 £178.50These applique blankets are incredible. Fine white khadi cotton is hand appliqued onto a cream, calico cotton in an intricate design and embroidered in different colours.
---
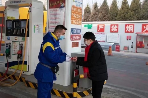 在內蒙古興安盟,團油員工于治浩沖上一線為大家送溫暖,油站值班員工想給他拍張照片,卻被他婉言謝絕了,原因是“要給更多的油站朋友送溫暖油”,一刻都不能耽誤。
...
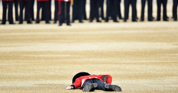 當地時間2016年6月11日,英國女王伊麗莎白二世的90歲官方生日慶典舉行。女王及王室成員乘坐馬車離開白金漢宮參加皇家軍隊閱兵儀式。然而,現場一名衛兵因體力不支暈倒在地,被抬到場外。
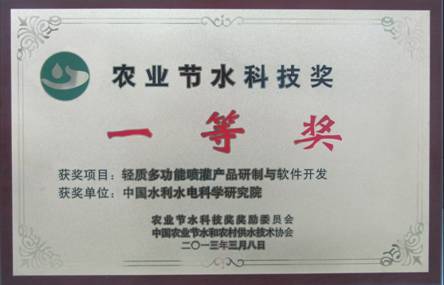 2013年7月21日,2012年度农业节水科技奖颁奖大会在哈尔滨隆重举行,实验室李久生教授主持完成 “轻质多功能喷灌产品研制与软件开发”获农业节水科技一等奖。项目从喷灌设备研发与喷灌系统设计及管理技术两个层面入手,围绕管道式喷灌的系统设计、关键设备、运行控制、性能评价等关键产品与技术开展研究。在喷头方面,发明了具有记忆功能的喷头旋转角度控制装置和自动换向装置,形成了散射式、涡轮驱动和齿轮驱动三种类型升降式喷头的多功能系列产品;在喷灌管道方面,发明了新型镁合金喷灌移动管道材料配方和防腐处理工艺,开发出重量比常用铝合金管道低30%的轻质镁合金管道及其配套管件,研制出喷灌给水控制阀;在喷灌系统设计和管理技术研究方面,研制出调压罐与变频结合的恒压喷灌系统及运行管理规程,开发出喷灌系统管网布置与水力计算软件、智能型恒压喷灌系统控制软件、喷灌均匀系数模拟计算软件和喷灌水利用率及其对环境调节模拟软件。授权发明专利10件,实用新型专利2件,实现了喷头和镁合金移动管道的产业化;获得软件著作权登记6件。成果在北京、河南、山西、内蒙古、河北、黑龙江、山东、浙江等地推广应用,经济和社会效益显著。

## Task prompt:
Retype only the lines above from the one with "當地時間2016年6月11日" through the one with "2013年7月21日,201", exactly and with both ends. Images stay out.

## Written answer:
 當地時間2016年6月11日,英國女王伊麗莎白二世的90歲官方生日慶典舉行。女王及王室成員乘坐馬車離開白金漢宮參加皇家軍隊閱兵儀式。然而,現場一名衛兵因體力不支暈倒在地,被抬到場外。
 2013年7月21日,2012年度农业节水科技奖颁奖大会在哈尔滨隆重举行,实验室李久生教授主持完成 “轻质多功能喷灌产品研制与软件开发”获农业节水科技一等奖。项目从喷灌设备研发与喷灌系统设计及管理技术两个层面入手,围绕管道式喷灌的系统设计、关键设备、运行控制、性能评价等关键产品与技术开展研究。在喷头方面,发明了具有记忆功能的喷头旋转角度控制装置和自动换向装置,形成了散射式、涡轮驱动和齿轮驱动三种类型升降式喷头的多功能系列产品;在喷灌管道方面,发明了新型镁合金喷灌移动管道材料配方和防腐处理工艺,开发出重量比常用铝合金管道低30%的轻质镁合金管道及其配套管件,研制出喷灌给水控制阀;在喷灌系统设计和管理技术研究方面,研制出调压罐与变频结合的恒压喷灌系统及运行管理规程,开发出喷灌系统管网布置与水力计算软件、智能型恒压喷灌系统控制软件、喷灌均匀系数模拟计算软件和喷灌水利用率及其对环境调节模拟软件。授权发明专利10件,实用新型专利2件,实现了喷头和镁合金移动管道的产业化;获得软件著作权登记6件。成果在北京、河南、山西、内蒙古、河北、黑龙江、山东、浙江等地推广应用,经济和社会效益显著。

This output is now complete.